How to use Schedule and warmup_steps in pytorch 07/09 Update SLTechnology News&Howtos

How to use Schedule and warmup_steps in pytorch

2025-07-09 Update From: SLTechnology News&Howtos shulou NAV: SLTechnology News&Howtos > Development >

Shulou(Shulou.com)06/01 Report--

This article mainly introduces how to use Schedule and warmup_steps in pytorch, has a certain reference value, interested friends can refer to, I hope you can learn a lot after reading this article, the following let Xiaobian take you to understand.

1. Lr_scheduler related lr_scheduler = WarmupLinearSchedule (optimizer, warmup_steps=args.warmup_steps, t_total=num_train_optimization_steps)

Among them, args.warmup_steps can be regarded as the coefficient of patience.

Num_train_optimization_steps is the total number of updates for model parameters

Generally speaking:

Num_train_optimization_steps = int (total_train_examples / args.train_batch_size / args.gradient_accumulation_steps)

Schedule is used to adjust the learning rate. In the case of linear transformation adjustment, step is the current number of iterations in the following code.

Def lr_lambda (self, step): # Linear transformation, which returns a numeric value x, and then returns to the class LambdaLR Finally return old_lr*x if step < self.warmup_steps: # increase the learning rate return float (step) / float (max (1, self.warmup_steps)) # decrease the learning rate return max (0.0, float (self.t_total-step) / float (max (1.0, self.t_total-self.warmup_steps)
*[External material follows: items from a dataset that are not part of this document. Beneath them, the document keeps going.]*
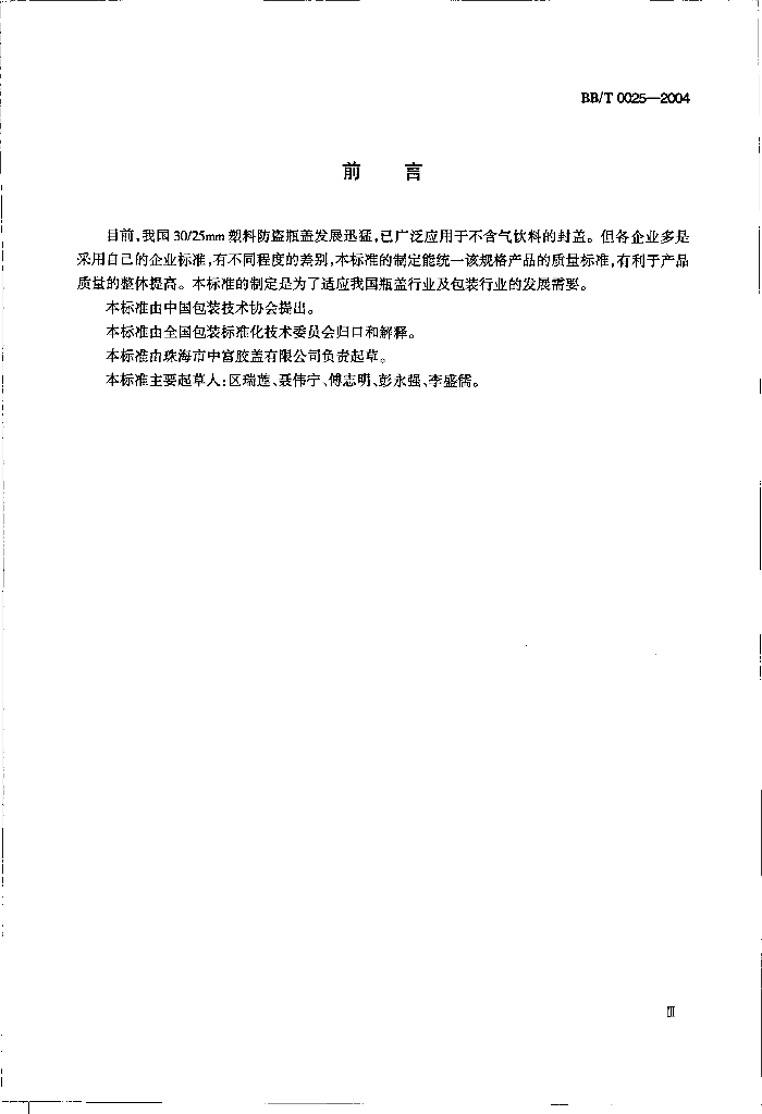 BB/T 0025-2004 30/25mm塑料防盗瓶盖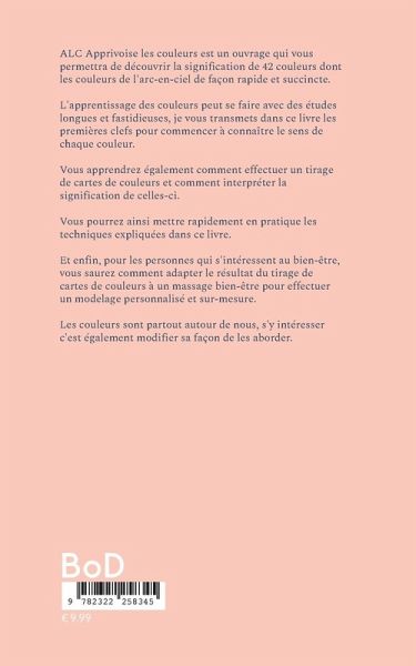 ALC Apprivoise les couleurs est un ouvrage qui vous permettra de découvrir la signification de 42 couleurs dont les couleurs de l'arc-en-ciel de façon rapide et succincte.L'apprentissage des couleurs peut se faire avec des études longues et fastidieuses, je vous transmets dans ce livre les premières clefs pour commencer à connaître le sens de chaque couleur.Vous apprendrez également comment effectuer un tirage de cartes de couleurs et comment interpréter la signification de celles-ci.Vous pourrez ainsi mettre rapidement en pratique les techniques expliquées dans ce livre.Et enfin, pour les personnes qui s'intéressent au bien-être, vous saurez comment adapter le résultat du tirage de cartes de couleurs à un massage bien-être pour effectuer un modelage personnalisé et sur-mesure.Les couleurs sont partout autour de nous, s'y intéresser c'est également modifier sa façon de les aborder.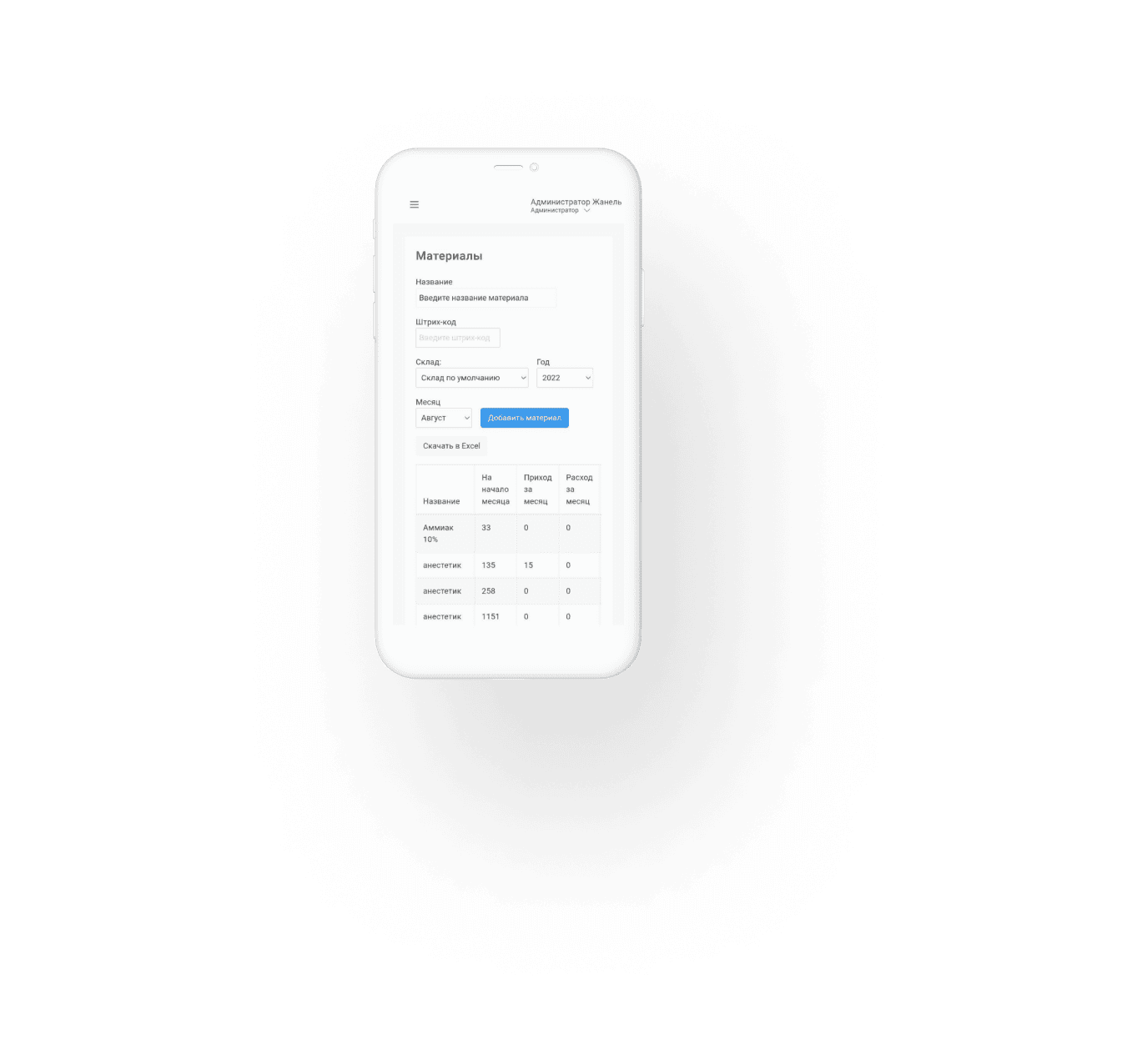 - добавление штрих-кода материала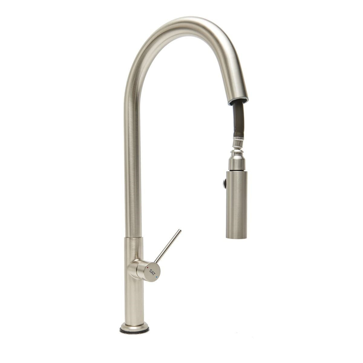 - Swiss Aqua Technologies Mitigeur monocommande avec douchette extractible et bras pivotant, 2 jets, Aspect acier inox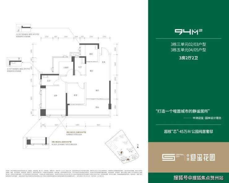 经典竖厅,客厅和两个房间朝南,6.4米长的客厅大阳台连接次卧,赠送面积有14.21㎡,东南或正南朝向。中洲迎玺三期 售楼处电话:400 006 8087。相比二期96㎡使用率有增加,主卧、儿童房设计成双飘窗,是新规户型常见操作,并打通客厅与次卧阳台!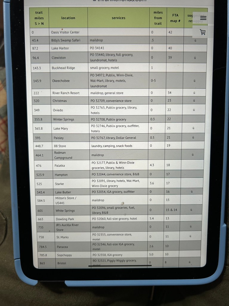 A possible resupply list for the Florida Trail that I found online
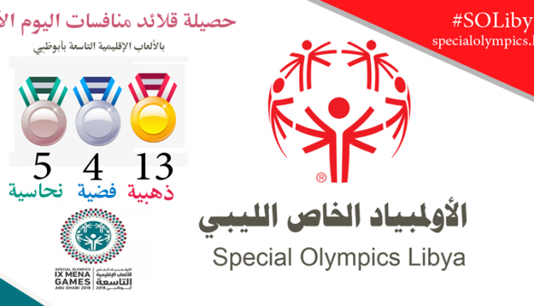 سجلت البعثة الليبية المشاركة في فعاليات الألعاب الإقليمية التاسعة للأولمبياد الخاص بالشرق الأوسط وشمال إفريقيا المقامة بأبوظبي الإماراتية، بداية متميزة بإحرازها 13 ميدالية ذهبية و 4 فضيات و 5 نحاسيات.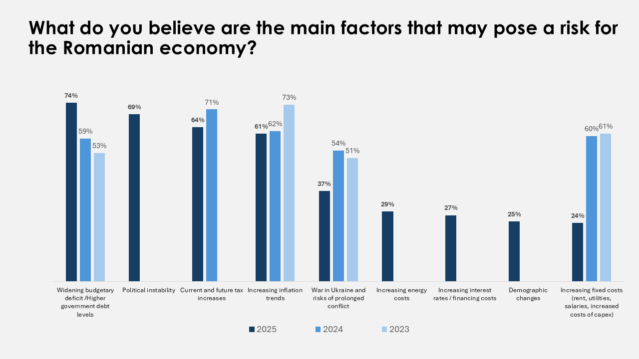 The business community is concerned about fiscal developments, given the need for significant deficit reduction under Romania’s multiannual agreement with the European Commission. If current fiscal policies prove ineffective, there is a risk of additional tax burdens with negative economic effects. The effectiveness of tax evasion measures will need to be assessed based on concrete results.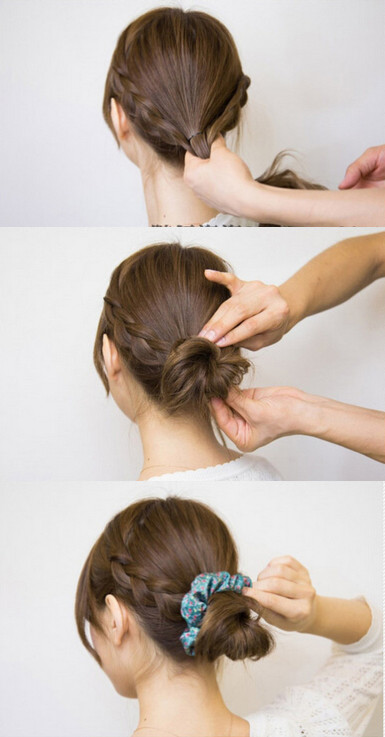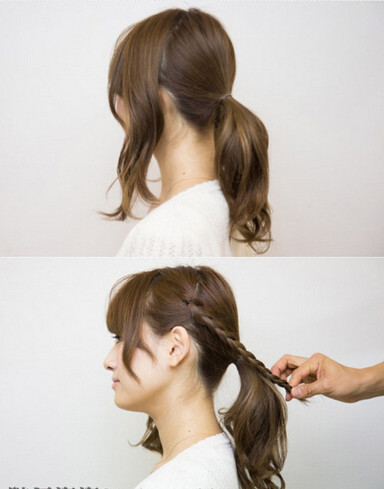 【花苞头教程step03】然后,将麻花辫和马尾用一次性的橡皮圈固定,固定之后,同样轻扯拨松整个发型。

In practice, lr_scheduler.step () initializes lr to 0. 0. In the first parameter update, the step=1,lr changes from 0 to the initial value initial_lr;. In the second update, a real number alpha is generated in the step=2 code above. When the new lr=initial_lr * alpha; is updated in the third time, the new lr is generated on the basis of initial_lr, that is, the new lr=initial_lr * alpha.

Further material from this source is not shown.